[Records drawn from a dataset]
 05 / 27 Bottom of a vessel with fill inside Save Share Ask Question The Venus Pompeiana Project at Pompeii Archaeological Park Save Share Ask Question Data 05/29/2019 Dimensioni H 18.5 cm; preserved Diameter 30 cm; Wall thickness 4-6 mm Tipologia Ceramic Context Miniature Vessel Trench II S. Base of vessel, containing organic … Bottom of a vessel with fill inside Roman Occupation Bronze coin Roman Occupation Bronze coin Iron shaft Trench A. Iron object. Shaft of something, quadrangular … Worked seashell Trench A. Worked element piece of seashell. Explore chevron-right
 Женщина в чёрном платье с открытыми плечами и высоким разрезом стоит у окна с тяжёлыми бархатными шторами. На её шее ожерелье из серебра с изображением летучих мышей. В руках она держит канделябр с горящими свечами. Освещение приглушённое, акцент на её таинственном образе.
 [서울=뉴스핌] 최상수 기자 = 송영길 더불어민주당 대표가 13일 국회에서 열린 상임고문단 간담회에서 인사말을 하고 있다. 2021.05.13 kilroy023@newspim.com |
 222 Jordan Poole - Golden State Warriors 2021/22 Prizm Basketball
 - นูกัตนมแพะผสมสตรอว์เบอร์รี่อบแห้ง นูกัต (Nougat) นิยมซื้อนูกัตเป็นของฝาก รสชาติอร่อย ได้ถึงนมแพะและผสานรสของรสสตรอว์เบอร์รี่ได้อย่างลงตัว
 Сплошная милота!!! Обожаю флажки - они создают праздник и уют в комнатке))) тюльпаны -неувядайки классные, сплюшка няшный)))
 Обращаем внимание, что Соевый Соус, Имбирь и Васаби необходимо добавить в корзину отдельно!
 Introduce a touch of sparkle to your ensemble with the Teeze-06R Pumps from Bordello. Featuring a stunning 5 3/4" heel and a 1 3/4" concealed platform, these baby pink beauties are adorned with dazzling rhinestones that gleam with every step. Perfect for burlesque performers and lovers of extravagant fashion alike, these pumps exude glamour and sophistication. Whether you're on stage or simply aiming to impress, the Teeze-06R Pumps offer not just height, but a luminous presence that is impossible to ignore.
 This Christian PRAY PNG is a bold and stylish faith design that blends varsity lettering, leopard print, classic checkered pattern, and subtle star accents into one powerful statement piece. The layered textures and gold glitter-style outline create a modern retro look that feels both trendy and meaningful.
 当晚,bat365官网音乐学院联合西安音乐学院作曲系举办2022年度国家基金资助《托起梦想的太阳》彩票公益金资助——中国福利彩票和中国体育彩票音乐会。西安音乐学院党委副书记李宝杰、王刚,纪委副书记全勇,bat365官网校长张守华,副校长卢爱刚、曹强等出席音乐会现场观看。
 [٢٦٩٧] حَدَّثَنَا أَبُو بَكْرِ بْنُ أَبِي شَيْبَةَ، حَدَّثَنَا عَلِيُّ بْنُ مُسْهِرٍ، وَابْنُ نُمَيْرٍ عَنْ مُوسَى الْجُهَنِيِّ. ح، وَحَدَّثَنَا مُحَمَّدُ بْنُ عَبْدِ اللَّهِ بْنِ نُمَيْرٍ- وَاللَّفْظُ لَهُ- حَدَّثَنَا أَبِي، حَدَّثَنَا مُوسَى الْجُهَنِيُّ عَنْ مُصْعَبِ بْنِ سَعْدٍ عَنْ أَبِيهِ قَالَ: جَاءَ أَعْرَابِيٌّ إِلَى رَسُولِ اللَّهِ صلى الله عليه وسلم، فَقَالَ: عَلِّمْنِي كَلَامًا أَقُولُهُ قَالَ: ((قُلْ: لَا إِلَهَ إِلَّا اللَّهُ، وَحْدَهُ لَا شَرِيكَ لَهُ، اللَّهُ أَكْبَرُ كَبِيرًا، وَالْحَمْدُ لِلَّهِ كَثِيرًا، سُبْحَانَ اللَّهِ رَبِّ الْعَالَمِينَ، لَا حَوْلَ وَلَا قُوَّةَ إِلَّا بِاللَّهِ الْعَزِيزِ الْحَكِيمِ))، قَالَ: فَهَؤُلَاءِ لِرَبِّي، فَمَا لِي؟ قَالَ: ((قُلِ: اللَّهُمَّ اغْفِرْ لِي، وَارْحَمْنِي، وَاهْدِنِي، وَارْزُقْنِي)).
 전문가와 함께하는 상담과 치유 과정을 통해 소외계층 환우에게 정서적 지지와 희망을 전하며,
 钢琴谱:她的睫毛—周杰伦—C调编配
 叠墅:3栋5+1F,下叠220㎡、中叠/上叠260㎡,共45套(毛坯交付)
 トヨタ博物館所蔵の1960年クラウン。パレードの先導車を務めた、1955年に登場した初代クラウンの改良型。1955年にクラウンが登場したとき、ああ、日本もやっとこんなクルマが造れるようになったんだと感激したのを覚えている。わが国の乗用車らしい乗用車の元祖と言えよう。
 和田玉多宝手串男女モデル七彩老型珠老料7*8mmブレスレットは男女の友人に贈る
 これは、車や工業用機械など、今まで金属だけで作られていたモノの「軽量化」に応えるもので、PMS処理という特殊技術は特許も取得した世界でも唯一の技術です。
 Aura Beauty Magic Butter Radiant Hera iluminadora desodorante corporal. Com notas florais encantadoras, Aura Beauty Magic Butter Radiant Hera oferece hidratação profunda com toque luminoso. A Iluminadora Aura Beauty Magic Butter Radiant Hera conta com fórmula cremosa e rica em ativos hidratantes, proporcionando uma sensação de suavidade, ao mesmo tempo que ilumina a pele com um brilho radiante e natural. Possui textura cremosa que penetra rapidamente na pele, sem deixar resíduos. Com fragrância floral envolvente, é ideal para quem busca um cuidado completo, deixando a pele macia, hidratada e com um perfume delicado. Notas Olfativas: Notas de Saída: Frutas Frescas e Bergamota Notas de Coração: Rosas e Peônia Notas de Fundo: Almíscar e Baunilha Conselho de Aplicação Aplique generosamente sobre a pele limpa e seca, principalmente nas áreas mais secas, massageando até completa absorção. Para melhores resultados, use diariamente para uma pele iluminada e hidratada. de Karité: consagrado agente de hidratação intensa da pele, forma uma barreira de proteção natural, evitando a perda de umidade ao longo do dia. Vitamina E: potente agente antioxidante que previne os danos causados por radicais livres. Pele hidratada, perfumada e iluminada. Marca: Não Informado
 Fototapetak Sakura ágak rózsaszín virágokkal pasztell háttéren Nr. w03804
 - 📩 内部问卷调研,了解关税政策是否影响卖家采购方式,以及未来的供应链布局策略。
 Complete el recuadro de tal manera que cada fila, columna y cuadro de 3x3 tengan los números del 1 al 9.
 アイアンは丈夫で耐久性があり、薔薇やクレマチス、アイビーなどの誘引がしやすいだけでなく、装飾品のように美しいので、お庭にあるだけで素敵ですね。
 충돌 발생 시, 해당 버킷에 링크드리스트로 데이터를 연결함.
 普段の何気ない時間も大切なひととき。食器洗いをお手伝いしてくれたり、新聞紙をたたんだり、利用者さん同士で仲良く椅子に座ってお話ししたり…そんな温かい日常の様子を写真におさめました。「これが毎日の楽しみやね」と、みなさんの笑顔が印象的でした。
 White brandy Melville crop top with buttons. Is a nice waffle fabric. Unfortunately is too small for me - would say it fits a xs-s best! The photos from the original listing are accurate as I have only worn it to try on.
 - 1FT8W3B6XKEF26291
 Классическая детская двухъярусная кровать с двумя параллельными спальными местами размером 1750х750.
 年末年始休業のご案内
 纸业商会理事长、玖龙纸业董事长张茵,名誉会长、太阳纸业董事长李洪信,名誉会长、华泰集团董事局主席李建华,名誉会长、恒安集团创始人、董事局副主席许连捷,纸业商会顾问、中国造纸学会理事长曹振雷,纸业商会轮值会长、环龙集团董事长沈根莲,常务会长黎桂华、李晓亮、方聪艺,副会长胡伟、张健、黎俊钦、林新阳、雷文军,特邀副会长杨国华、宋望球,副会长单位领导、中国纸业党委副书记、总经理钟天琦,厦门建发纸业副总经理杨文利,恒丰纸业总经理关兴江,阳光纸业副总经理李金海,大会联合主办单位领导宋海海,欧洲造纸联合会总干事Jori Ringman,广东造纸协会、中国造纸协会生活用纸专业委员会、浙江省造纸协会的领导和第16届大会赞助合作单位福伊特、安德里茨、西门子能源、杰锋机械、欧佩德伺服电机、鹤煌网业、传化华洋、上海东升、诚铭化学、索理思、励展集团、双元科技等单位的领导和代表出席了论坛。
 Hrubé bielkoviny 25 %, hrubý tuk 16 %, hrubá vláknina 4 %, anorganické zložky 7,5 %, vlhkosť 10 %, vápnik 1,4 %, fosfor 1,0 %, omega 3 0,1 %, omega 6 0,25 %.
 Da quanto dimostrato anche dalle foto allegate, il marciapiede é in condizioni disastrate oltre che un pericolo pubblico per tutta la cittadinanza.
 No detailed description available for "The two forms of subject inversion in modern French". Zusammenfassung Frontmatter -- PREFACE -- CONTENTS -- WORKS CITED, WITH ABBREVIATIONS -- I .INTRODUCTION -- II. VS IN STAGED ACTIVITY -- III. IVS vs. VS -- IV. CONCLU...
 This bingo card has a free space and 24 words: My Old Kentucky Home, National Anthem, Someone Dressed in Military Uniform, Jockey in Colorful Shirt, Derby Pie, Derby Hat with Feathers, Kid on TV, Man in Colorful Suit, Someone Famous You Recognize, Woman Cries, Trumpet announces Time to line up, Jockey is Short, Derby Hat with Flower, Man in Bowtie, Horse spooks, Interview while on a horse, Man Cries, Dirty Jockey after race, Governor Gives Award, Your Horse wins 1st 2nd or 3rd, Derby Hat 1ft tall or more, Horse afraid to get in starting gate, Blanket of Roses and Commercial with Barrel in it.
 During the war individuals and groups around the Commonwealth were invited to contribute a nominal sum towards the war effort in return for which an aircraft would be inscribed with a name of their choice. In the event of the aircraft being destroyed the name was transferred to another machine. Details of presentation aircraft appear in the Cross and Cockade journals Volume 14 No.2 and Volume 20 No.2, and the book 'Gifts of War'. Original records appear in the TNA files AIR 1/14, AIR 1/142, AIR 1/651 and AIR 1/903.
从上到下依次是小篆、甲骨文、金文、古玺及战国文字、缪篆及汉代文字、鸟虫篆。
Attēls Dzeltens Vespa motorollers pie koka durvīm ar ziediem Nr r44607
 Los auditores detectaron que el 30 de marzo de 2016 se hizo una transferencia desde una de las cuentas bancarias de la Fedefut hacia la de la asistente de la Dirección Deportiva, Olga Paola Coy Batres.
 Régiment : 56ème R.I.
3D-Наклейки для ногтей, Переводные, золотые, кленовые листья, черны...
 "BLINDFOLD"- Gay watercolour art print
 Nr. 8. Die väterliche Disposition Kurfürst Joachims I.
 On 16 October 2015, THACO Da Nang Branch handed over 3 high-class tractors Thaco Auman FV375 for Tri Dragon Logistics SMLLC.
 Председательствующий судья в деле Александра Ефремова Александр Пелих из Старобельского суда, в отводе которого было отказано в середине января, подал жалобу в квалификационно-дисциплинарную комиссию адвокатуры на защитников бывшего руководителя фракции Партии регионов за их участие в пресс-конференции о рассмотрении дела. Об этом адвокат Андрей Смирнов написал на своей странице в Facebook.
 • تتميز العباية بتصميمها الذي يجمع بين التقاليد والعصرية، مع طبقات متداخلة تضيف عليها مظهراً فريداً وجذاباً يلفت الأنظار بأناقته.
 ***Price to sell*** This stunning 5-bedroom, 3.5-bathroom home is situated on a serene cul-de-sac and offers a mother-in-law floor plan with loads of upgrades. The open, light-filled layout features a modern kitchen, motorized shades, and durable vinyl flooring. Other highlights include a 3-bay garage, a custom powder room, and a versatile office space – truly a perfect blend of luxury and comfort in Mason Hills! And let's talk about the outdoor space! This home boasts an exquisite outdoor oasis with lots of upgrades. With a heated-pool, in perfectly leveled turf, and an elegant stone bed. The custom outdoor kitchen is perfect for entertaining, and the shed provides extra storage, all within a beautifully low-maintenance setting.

*Task prompt*. Find the line with "watercolour art print" in the entries above. Retype it and each line after it, exactly, through the line with "يلفت الأنظار بأناقته.", and stop there.

*Exercise output*.
 "BLINDFOLD"- Gay watercolour art print
 Nr. 8. Die väterliche Disposition Kurfürst Joachims I.
 On 16 October 2015, THACO Da Nang Branch handed over 3 high-class tractors Thaco Auman FV375 for Tri Dragon Logistics SMLLC.
 Председательствующий судья в деле Александра Ефремова Александр Пелих из Старобельского суда, в отводе которого было отказано в середине января, подал жалобу в квалификационно-дисциплинарную комиссию адвокатуры на защитников бывшего руководителя фракции Партии регионов за их участие в пресс-конференции о рассмотрении дела. Об этом адвокат Андрей Смирнов написал на своей странице в Facebook.
 • تتميز العباية بتصميمها الذي يجمع بين التقاليد والعصرية، مع طبقات متداخلة تضيف عليها مظهراً فريداً وجذاباً يلفت الأنظار بأناقته.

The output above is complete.